* _Task brief_
Starting with the line that contains "附件:山西省新材料產(chǎ" and stopping after the line that contains "Serve in a chilled", return each line below exactly as written, with no others.

===== Entries shown =====

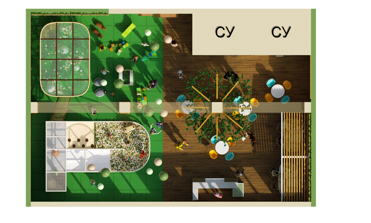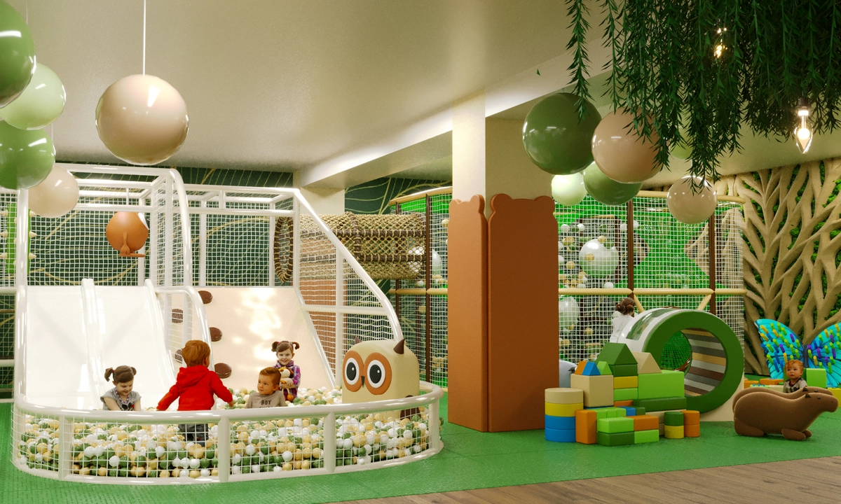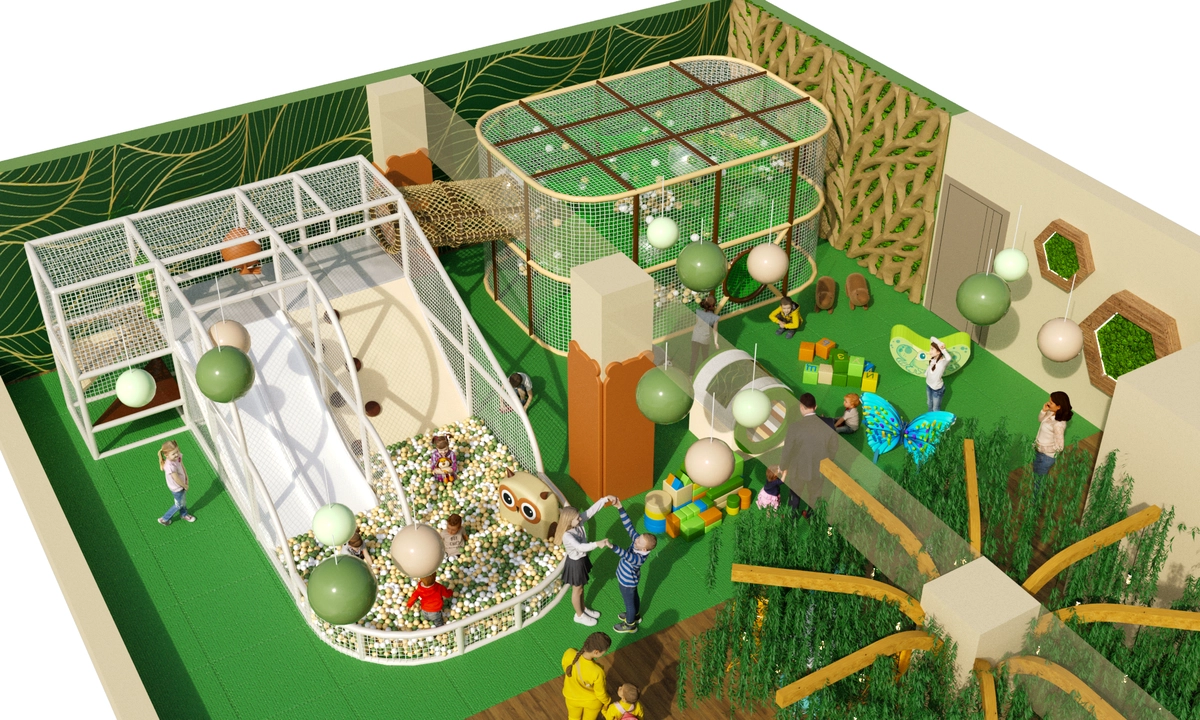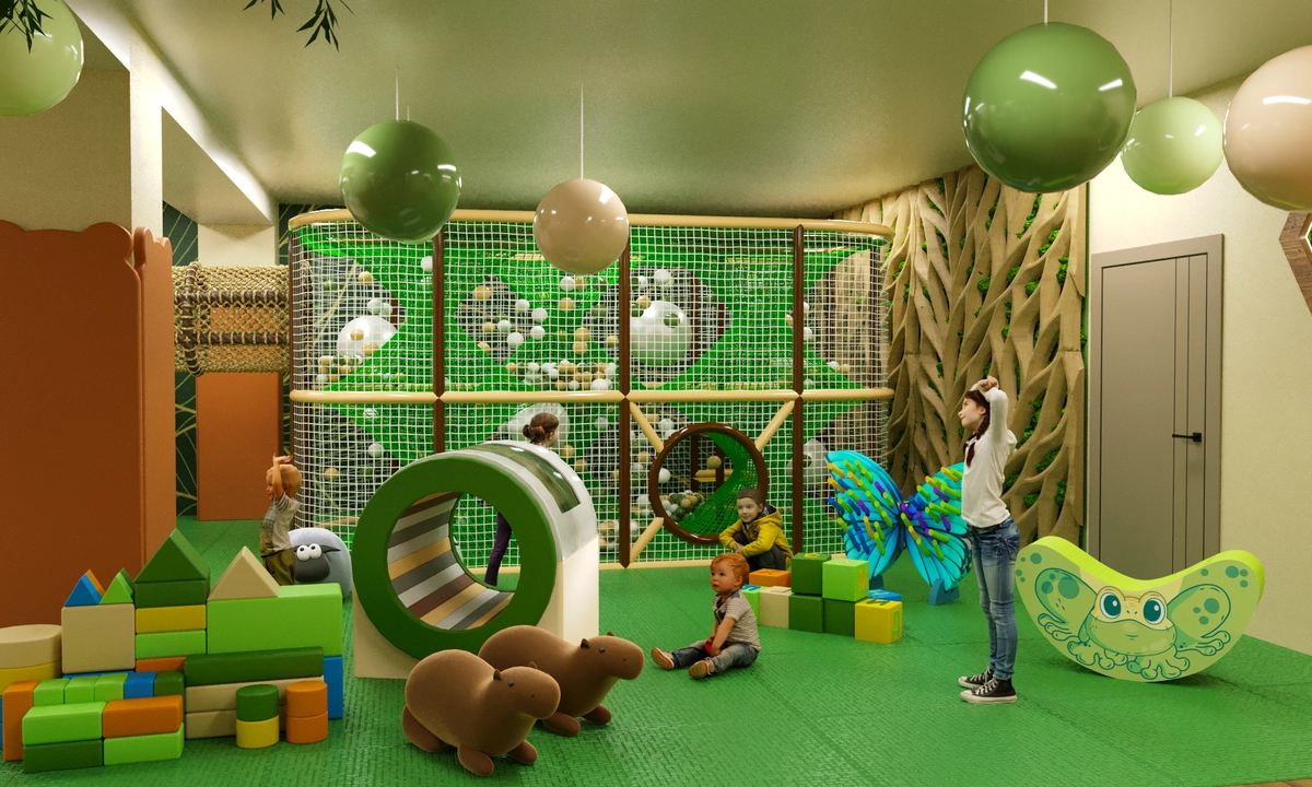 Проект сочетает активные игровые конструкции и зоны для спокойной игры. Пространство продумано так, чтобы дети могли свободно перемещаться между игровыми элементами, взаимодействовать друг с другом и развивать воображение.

=====
===== Entries shown =====

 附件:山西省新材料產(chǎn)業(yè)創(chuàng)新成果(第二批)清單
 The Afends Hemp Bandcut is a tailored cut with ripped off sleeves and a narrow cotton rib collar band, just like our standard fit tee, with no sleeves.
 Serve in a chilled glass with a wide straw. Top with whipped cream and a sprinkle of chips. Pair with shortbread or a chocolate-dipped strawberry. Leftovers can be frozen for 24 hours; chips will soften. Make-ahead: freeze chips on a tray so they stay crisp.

=====
===== Entries shown =====

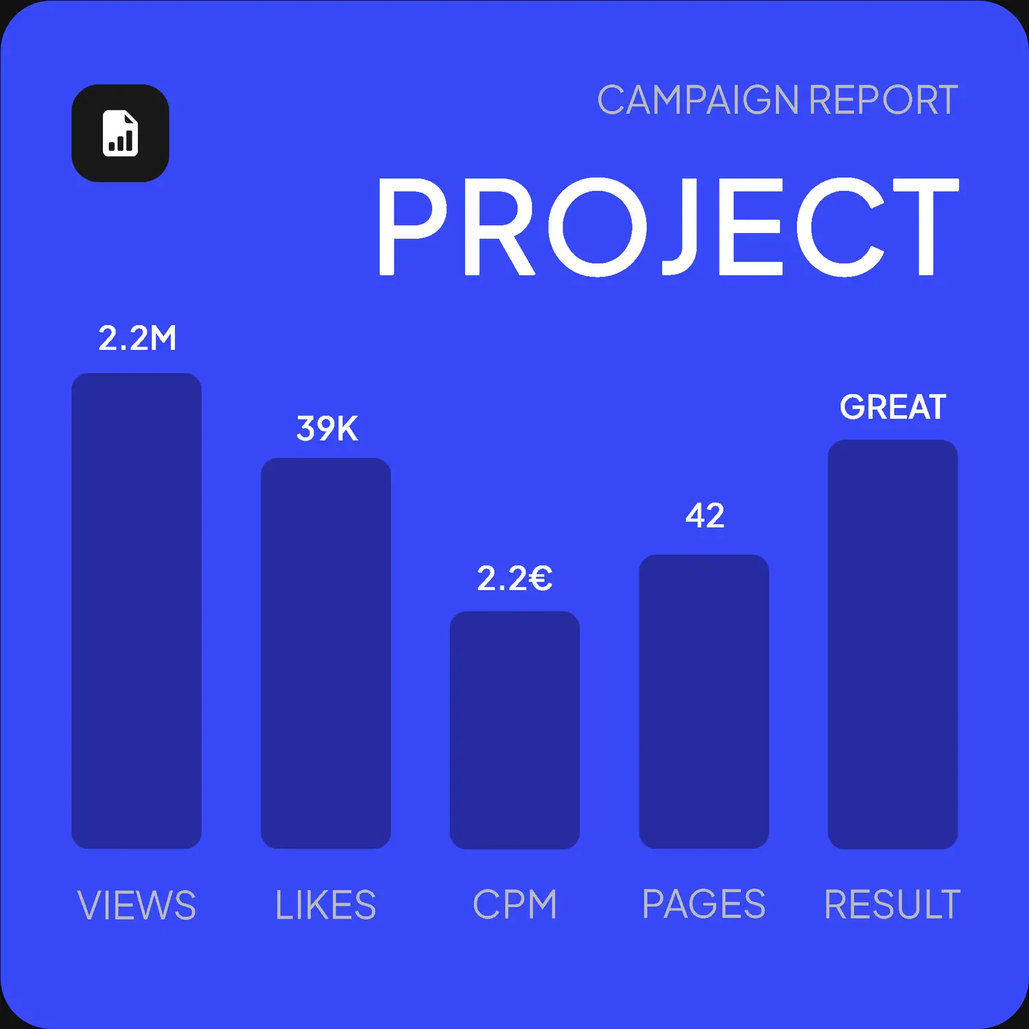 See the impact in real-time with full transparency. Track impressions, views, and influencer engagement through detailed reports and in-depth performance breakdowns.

=====

* _Task response_
 附件:山西省新材料產(chǎn)業(yè)創(chuàng)新成果(第二批)清單
 The Afends Hemp Bandcut is a tailored cut with ripped off sleeves and a narrow cotton rib collar band, just like our standard fit tee, with no sleeves.
 Serve in a chilled glass with a wide straw. Top with whipped cream and a sprinkle of chips. Pair with shortbread or a chocolate-dipped strawberry. Leftovers can be frozen for 24 hours; chips will soften. Make-ahead: freeze chips on a tray so they stay crisp.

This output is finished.